[bug] - Garbled when the some link is in Chinese

Question

[bug] - Garbled when the some link is in Chinese

zxhycxq opened this issue 2 years ago · comments

你好世界 commented 2 years ago

when the url is like http://media.people.com.cn/n1/2020/0617/c40606-31749210.html,then the result was:

however, this link is in chinese too, it was right.

https://juejin.cn/post/6931597891182002183

how to solve this problem？
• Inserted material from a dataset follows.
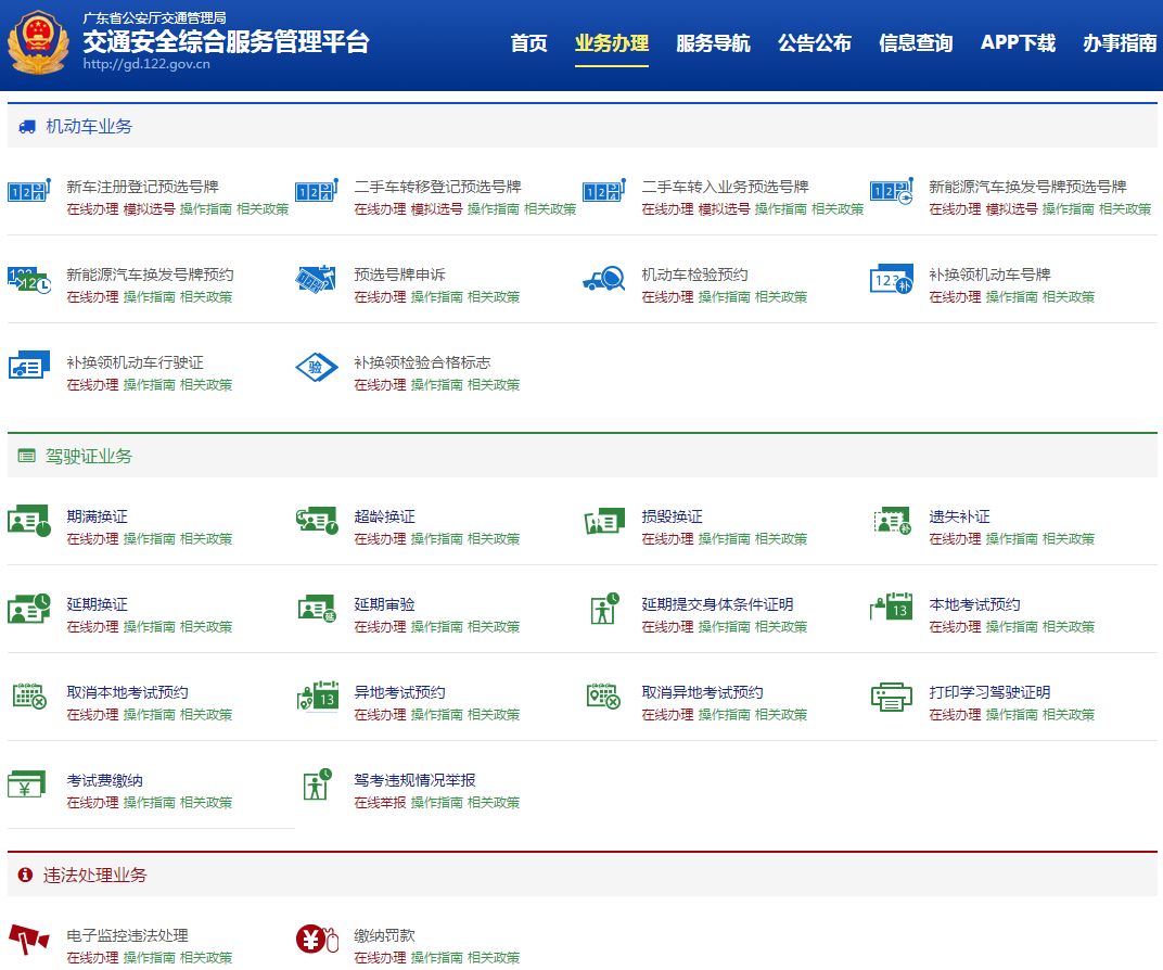 交管服务网上办理。按照“应上尽上、全程在线”的要求,实行驾驶人考试预约、机动车选号、补换领驾驶证、申领免检标志等交管业务网上办理。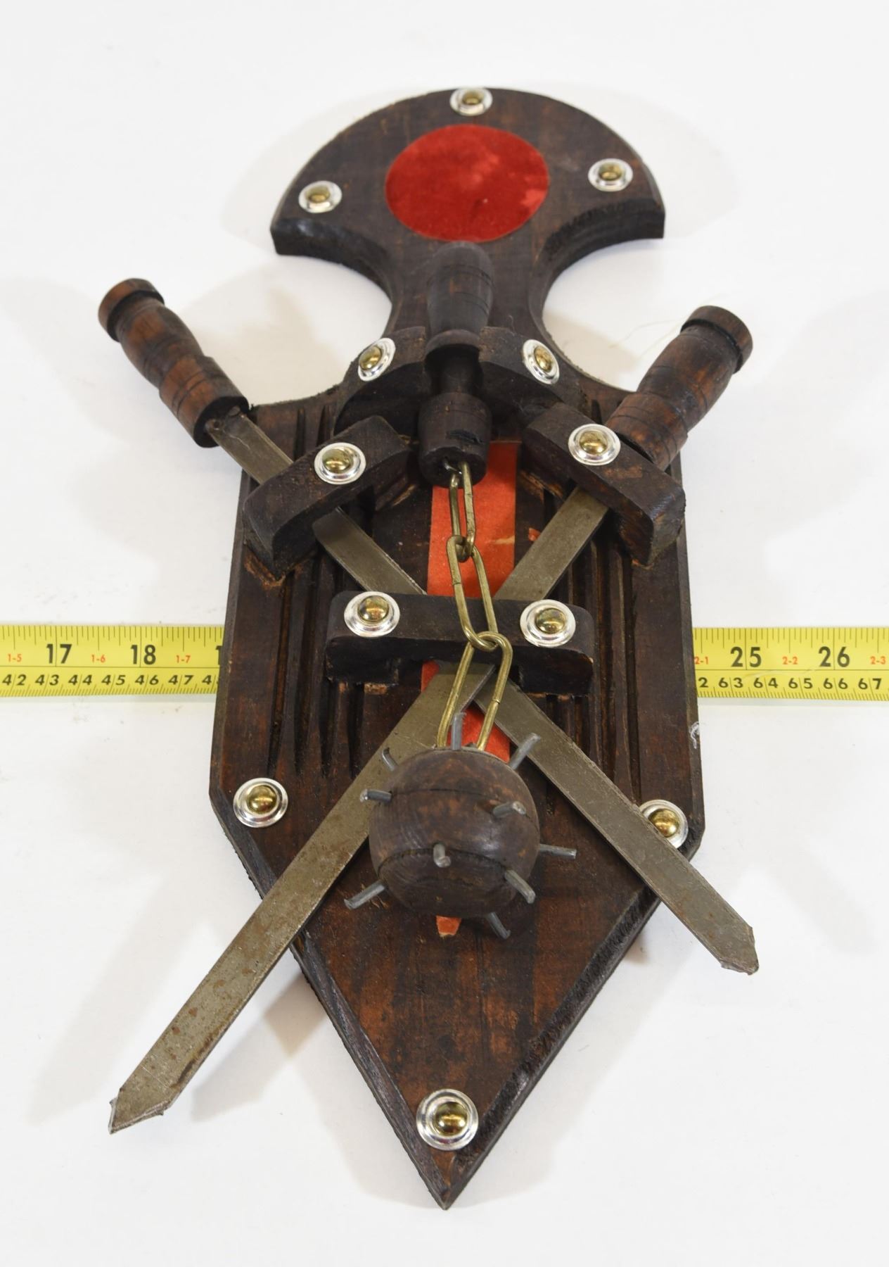 Lot 1093 Repro Wood Hanging Plaque With Medieval Weapons

change the UNICODE? thanks you!

SettingDust · Answer 1 · Sun Nov 27 2022 21:56:02 GMT+0800 (China Standard Time)

人民网使用的是 GBK，本库需要读取编码

The people.com use the gbk encoding <meta http-equiv="content-type" content="text/html;charset=GB2312">. We need read the content type of document @ndaidong

Dong Nguyen · Answer 2 · Mon Nov 28 2022 15:36:05 GMT+0800 (China Standard Time)
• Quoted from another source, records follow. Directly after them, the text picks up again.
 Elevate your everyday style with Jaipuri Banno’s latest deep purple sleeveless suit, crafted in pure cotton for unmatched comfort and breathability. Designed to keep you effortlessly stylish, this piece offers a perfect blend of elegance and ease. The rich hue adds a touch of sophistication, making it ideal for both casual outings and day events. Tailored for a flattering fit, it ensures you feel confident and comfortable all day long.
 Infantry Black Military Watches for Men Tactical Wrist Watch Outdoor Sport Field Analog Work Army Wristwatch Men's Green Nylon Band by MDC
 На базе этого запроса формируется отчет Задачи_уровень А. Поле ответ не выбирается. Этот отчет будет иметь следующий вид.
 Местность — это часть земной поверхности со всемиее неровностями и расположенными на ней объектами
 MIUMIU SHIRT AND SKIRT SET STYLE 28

@zxhycxq yes it relates to the charset of that websit as @SettingDust pointed out.

@SettingDust then what we should do next? Does it require to convert the whole content to UTF8?
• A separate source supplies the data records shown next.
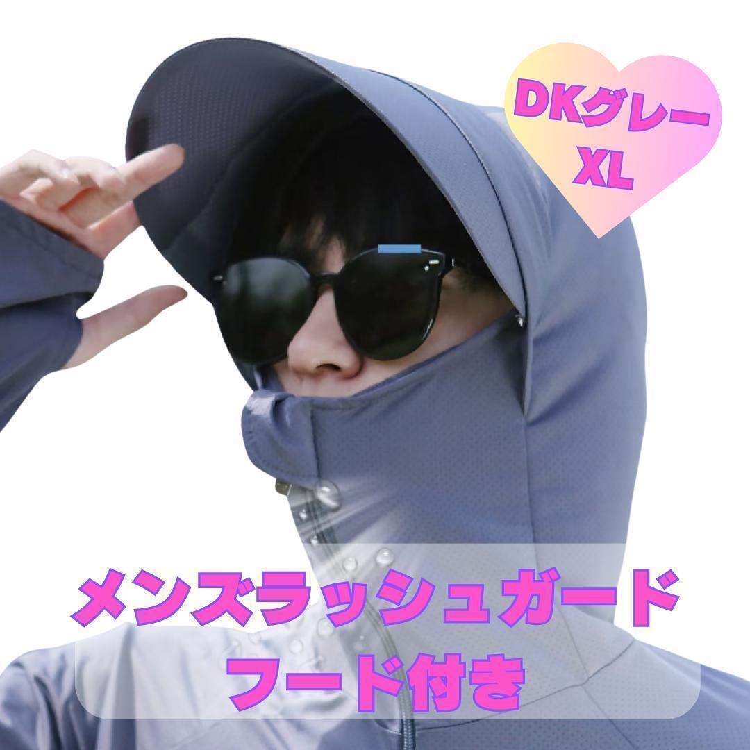 - UVパーカー ラッシュガード 長袖 紫外線 フード ダークグレー XL フード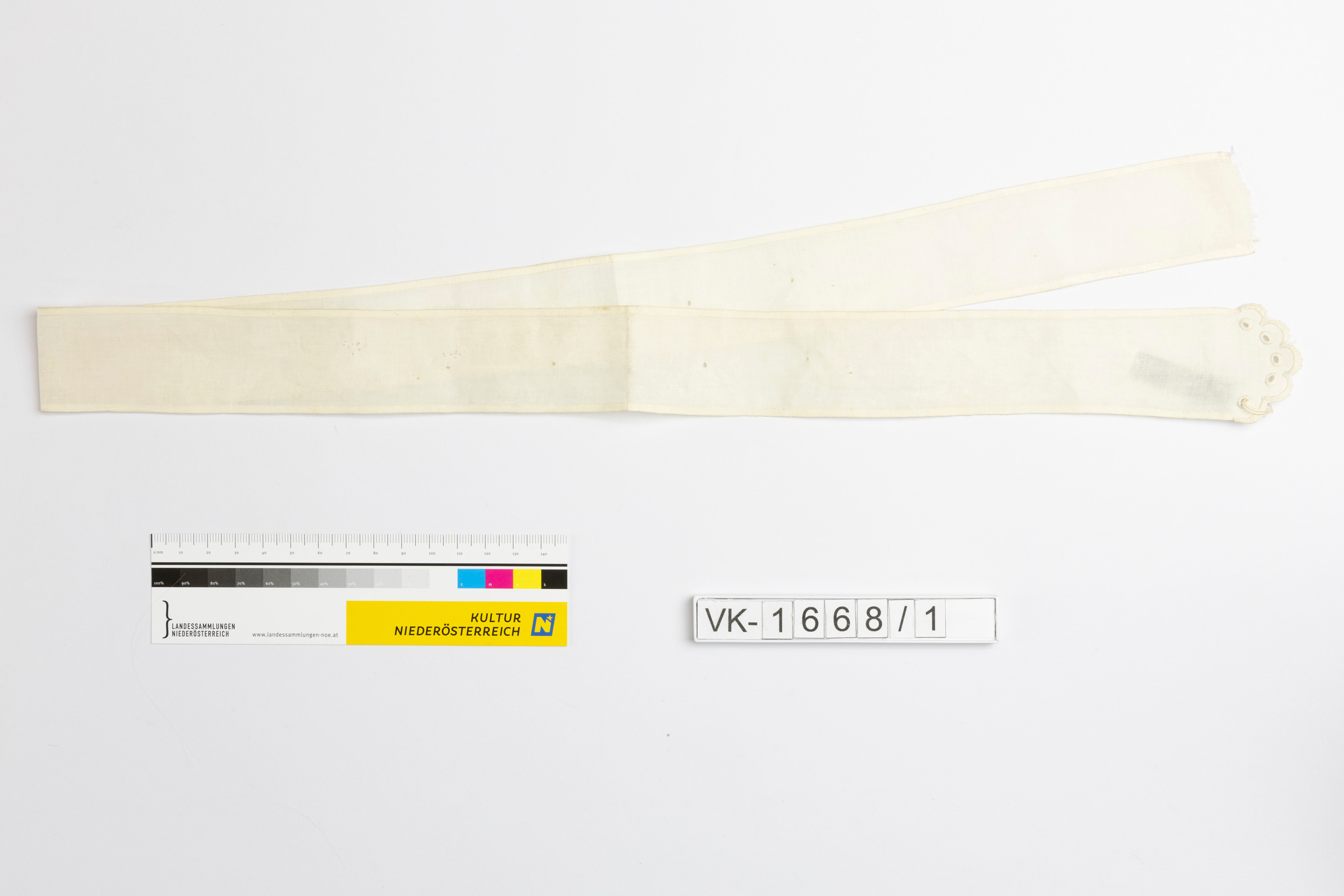 Weißes Glasbatistband, ein Ende abgeschnitten, am anderen Ende mit bogenförmigem Abschluss und Lochstickerei. Laut Inventarbuch eine Chemisette mit Krawatte und zwei Ärmeln von Fr. Frühwirth. Das Objekt ist eine ehemalige Leihgabe.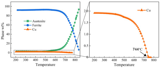 Figure 10 shows the results of the TEM analysis of the AW joint. SAED patterns present (100)B2 superlattice diffraction spots of two HAZ subregions (Figure 10b,e), which indicates the presence of B2 CRPs. However, the intensity of superlattice diffraction spots in the complete austenitizing zone is very weak. The dark field micrography reveals only a small amount of B2 CRPs in the complete austenitizing zone (Figure 10c) but a relatively high density of B2 CRPs in the partial austenitizing zone (Figure 10f). Compared with BM (Figure 3f), the number density of CRPs decreases obviously. By simulation calculation, the critical dissolution temperature of CRPs is 744 °C (Figure 11). The peak temperature of two HAZ subregions is higher than 744 °C. Therefore, the dissolution of CRPs is inevitable. Owing to the greater solubility of Cu in austenite rather than ferrite, the dissolution of CRPs should be controlled by the austenitizing degree. CRPs could fully dissolve during reheating in the complete austenitizing zone, whereas partial dissolution of CRPs occurs in the partial austenitizing zone. The presence of a few fine CRPs in the complete austenitizing zone implies the occurrence of reprecipitation. Unlike carbide precipitates (such as NbC and TiC) which start to precipitate within the austenite region [27]. CRPs do not reprecipitate in austenite, avoiding the formation of coarse particles. Moreover, the rapid heating rate also does not provide a long holding time at the high-temperature stage. Consequently, coarse CRPs are not observed in HAZ.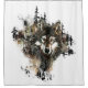 Cortina Para Chuveiro Cinza de Aquarela Wolf Mountain Animal Art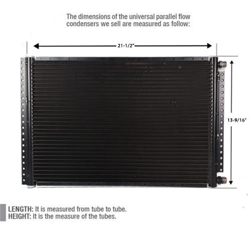 Universal AC Condenser Parallel Flow 21-1/2″ x 13-9/16″ with Male Insert O-ring #6 & #8 fittings.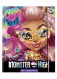 Poznaj pierwsze makijażowe triki dzięki temu sketchbookowi Monster High! Wewnątrz znajduje się potwornie wyjątkowy zestaw do makijażu. Dziewczynki mogą z bliska poznać wszystkie kosmetyki przez używanie ich nie tylko na ilustracjach, ale i na sobie, w czym pomoże im dołączone lusterko.

SettingDust · Answer 3 · Mon Nov 28 2022 16:10:23 GMT+0800 (China Standard Time)

@ndaidong Yup, need lib like iconv-lite to convert the encoding.
But we can't know if the html string is as same as the meta(input string maybe utf-8 but with other encoding in meta).
So I think the encoding should specific from options or users should convert the input by themselves.
Or we have to add encoding to rules. It's too complex

你好世界 · Answer 4 · Mon Nov 28 2022 16:20:09 GMT+0800 (China Standard Time)

We can provide an option for users to choose,if possible.

SettingDust · Answer 5 · Mon Nov 28 2022 16:21:52 GMT+0800 (China Standard Time)

We can provide an option for users to choose,if possible.

I prefer users convert the input by themselves

Dong Nguyen · Answer 6 · Mon Nov 28 2022 23:27:34 GMT+0800 (China Standard Time)

yes, as far as I can see this is just an exception. User should find a way to handle it by himself.
In this case, the process could be: load HTML --> convert to UTF-8 --> pass converted UTF-8 string to article-parser

nick008a · Answer 7 · Tue Nov 29 2022 17:25:05 GMT+0800 (China Standard Time)

I still encounter this problem after iconv to UTF-8. The extractor seems to fail silently with null output.

You can try reproducing this by dumping the HTML source from the browser and read it in nodejs.

SettingDust · Answer 8 · Tue Nov 29 2022 18:19:12 GMT+0800 (China Standard Time)

I still encounter this problem after iconv to UTF-8. The extractor seems to fail silently with null output.

You can try reproducing this by dumping the HTML source from the browser and read it in nodejs.

You have to confirm the content you input is gbk.

Edit: article-parser can't extract available links from this page. We need provide method that accept a url. But this issue is discussed.
Can be extracted with await parseFromHtml(html, 'http://media.people.com.cn/n1/2020/0617/c40606-31749210.html')

Dong Nguyen · Answer 9 · Fri Apr 26 2024 16:53:35 GMT+0800 (China Standard Time)

Resolved with v8.0.8